IF 1.2 4区 医学 Pub Date : 2024-03-01 DOI: 10.1097/JXX.0000000000000967
Laura A Ivey, Patrick Flavin, Katy Vogelaar, Jessica L Peck

Abstract: Restrictive nurse practitioner (NP) practice regulation at the state level continues to obstruct patient access to quality affordable care because primary care provider shortages heighten across the nation. Evidence-based research supports NPs as cost-effective providers without conceding quality of care. A patchwork of highly variable state policies subjectively determines the degree of collaborative oversight required for NPs to practice in each state. An objective review of policies influencing NP capacity to deliver care promotes evidence-informed policy adaptation. A policy analysis was completed using Bardach and Patashnik's framework to evaluate policy options for NP practice regulation in Texas. Full practice authority (FPA) policy effect was quantitively evaluated through difference-in-differences regression models using selected measures of all 50 states and the District of Columbia.

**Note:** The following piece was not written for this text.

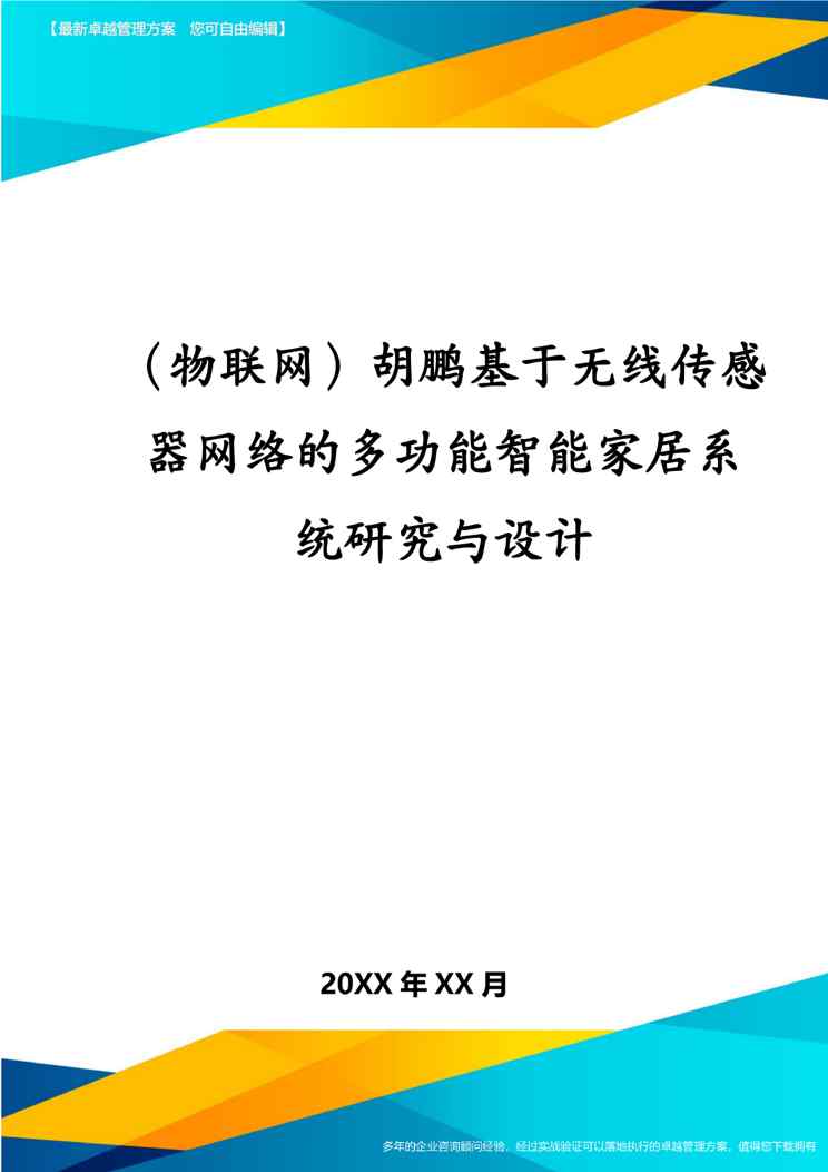 本站资深用户发布了最新的《(物联网)胡鹏基于无线传感器网络的多功能智能家居系统研究与设计》文档,以下内容为预览,详细内容可下载阅读。 声明:本站所有文章,如无特殊说明或标注,均为本站原创发布。任何个人或组织,在未征得本站同意时,禁止复制、盗用、采集、发布本站内容到任何网站、书籍等各类媒体平台。如若本站内容侵犯了原著者的合法权益,可联系我们进行处理。
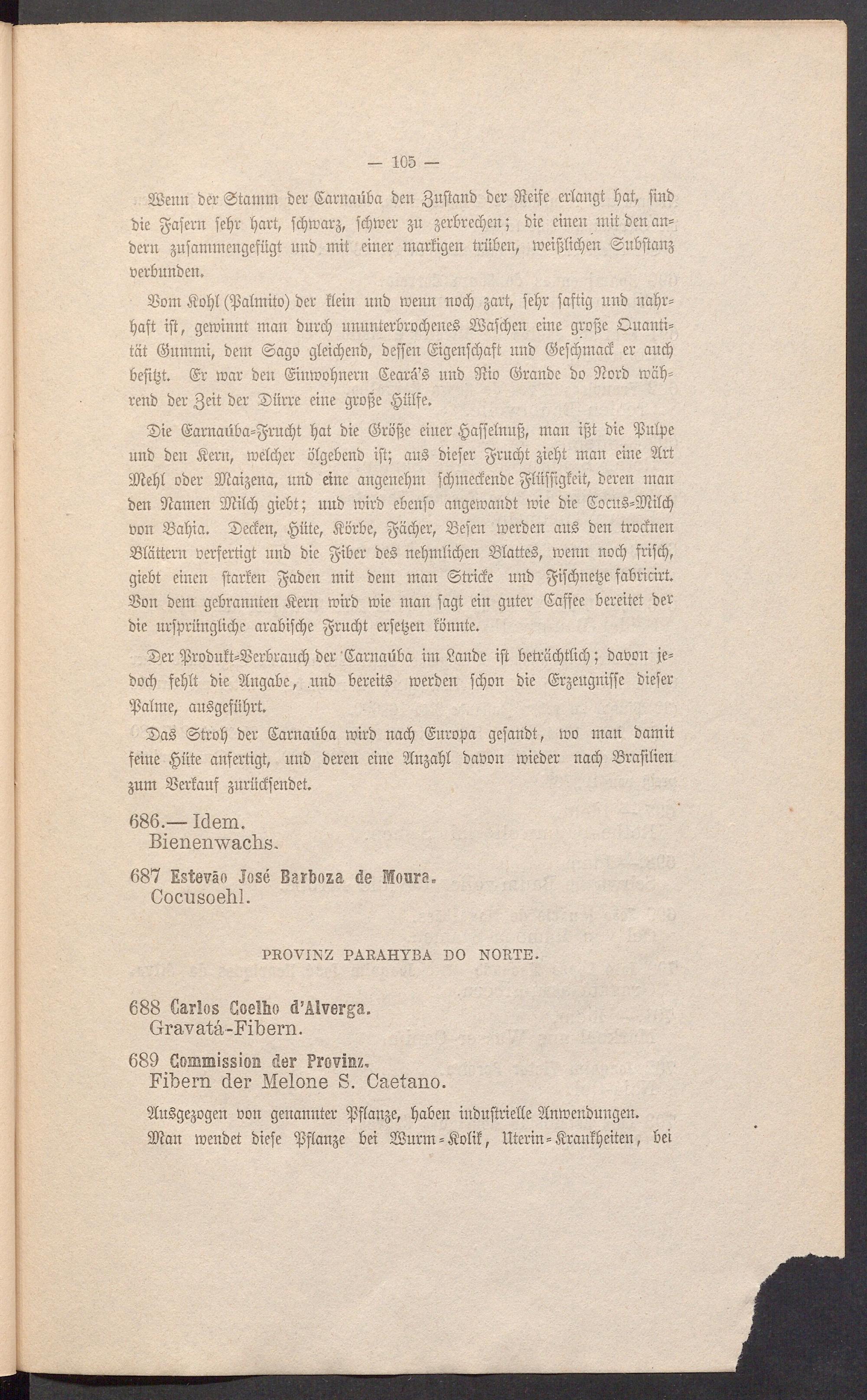 ©er ißrobutt=S5erbraud) ber 'Karnaüba im Sanbe ift beWctdjtlid; ; baüon je* bod) fetdt bie Angabe, .unb bereite Werben fdfon bie Krgeugniffe biefer ißatme, au§gefüt)rt.

Health welfare outcomes were calculated using emergency department utilization, average household health expenditures, poor physical health days, and NP-specific adverse action reports (AAR). Overall, FPA policy did not have a statistically significant effect on state-clustered emergency department utilization, average household health expenditures, or poor physical health days. Full practice authority was associated with decreased NP AAR. The analysis supports FPA as a viable policy option for states such as Texas and counters claims FPA policy adoption results in detrimental sequalae in the health of the population.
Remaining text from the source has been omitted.